> _Input_
----
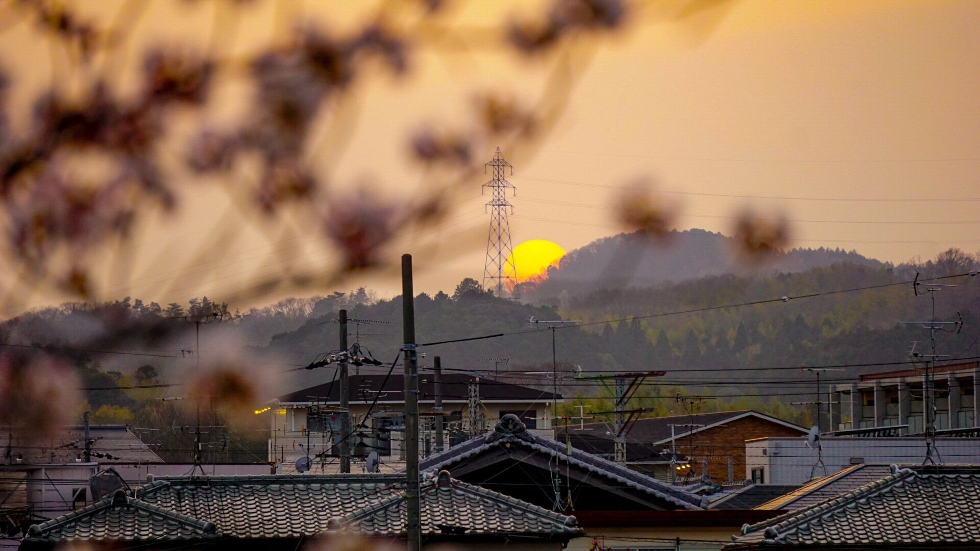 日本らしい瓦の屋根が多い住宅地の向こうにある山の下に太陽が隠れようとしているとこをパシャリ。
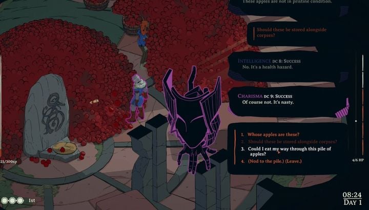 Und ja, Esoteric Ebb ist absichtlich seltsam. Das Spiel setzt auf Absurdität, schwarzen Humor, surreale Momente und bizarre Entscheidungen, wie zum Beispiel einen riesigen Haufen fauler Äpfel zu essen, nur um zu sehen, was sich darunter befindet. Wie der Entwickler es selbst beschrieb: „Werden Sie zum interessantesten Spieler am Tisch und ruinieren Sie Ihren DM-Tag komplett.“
----
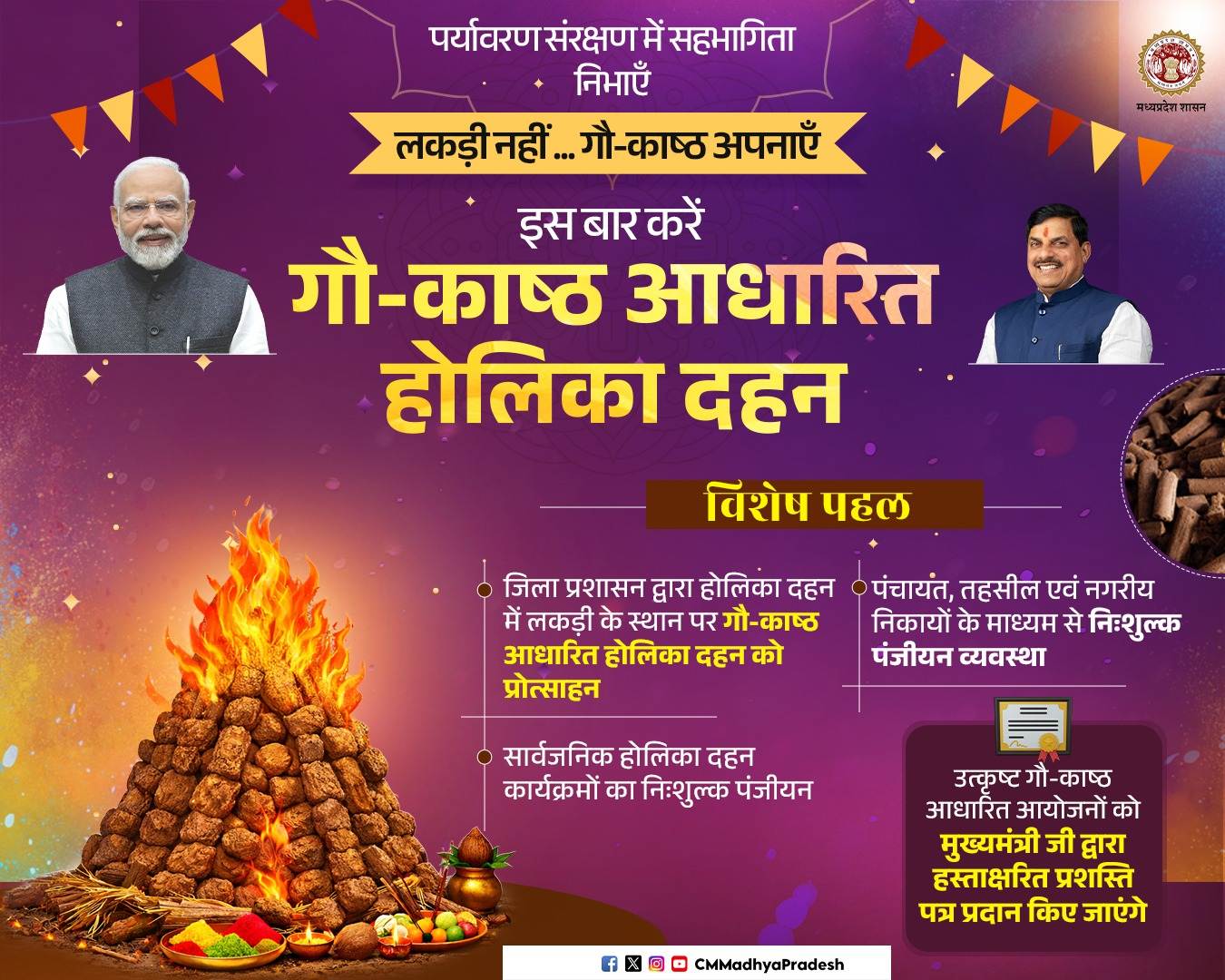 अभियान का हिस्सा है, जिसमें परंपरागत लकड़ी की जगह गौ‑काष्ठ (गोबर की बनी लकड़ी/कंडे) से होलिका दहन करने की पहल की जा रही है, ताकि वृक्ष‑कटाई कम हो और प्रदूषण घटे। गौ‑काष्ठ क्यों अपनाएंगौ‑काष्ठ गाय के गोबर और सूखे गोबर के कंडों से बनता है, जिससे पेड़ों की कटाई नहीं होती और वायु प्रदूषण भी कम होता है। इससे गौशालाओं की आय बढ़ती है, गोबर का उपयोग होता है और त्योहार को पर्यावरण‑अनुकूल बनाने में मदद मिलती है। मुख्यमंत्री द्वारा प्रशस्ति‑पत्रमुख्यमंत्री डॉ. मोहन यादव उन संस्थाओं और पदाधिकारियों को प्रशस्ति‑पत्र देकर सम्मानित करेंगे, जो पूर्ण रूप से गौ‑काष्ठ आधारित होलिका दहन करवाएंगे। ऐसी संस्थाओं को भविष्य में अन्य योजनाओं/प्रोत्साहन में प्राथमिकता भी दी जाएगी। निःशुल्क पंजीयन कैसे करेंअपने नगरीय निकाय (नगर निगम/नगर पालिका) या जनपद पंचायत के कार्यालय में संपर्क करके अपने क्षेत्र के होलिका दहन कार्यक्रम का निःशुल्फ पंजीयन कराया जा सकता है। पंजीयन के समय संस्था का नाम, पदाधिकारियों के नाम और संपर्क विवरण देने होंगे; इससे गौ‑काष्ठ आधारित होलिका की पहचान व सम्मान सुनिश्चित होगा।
----
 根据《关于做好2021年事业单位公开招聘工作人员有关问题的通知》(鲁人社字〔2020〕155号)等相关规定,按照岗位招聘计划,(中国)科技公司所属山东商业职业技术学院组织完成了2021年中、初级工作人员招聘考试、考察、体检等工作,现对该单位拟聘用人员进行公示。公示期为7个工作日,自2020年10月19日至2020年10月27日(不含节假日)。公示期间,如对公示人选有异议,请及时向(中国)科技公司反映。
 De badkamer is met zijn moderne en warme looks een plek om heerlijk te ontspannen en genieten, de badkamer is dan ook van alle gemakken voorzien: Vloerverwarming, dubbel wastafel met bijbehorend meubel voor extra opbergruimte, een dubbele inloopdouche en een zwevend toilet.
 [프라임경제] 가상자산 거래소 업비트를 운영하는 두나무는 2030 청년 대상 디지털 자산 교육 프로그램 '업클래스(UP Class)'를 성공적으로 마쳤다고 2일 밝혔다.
----
> _What you are asked to do_
Reproduce exactly, and with no other material, the lines between those holding "De badkamer is met" and "[프라임경제] 가상자산 거래소", inclusive.

> _Answer for this exercise_
 De badkamer is met zijn moderne en warme looks een plek om heerlijk te ontspannen en genieten, de badkamer is dan ook van alle gemakken voorzien: Vloerverwarming, dubbel wastafel met bijbehorend meubel voor extra opbergruimte, een dubbele inloopdouche en een zwevend toilet.
 [프라임경제] 가상자산 거래소 업비트를 운영하는 두나무는 2030 청년 대상 디지털 자산 교육 프로그램 '업클래스(UP Class)'를 성공적으로 마쳤다고 2일 밝혔다.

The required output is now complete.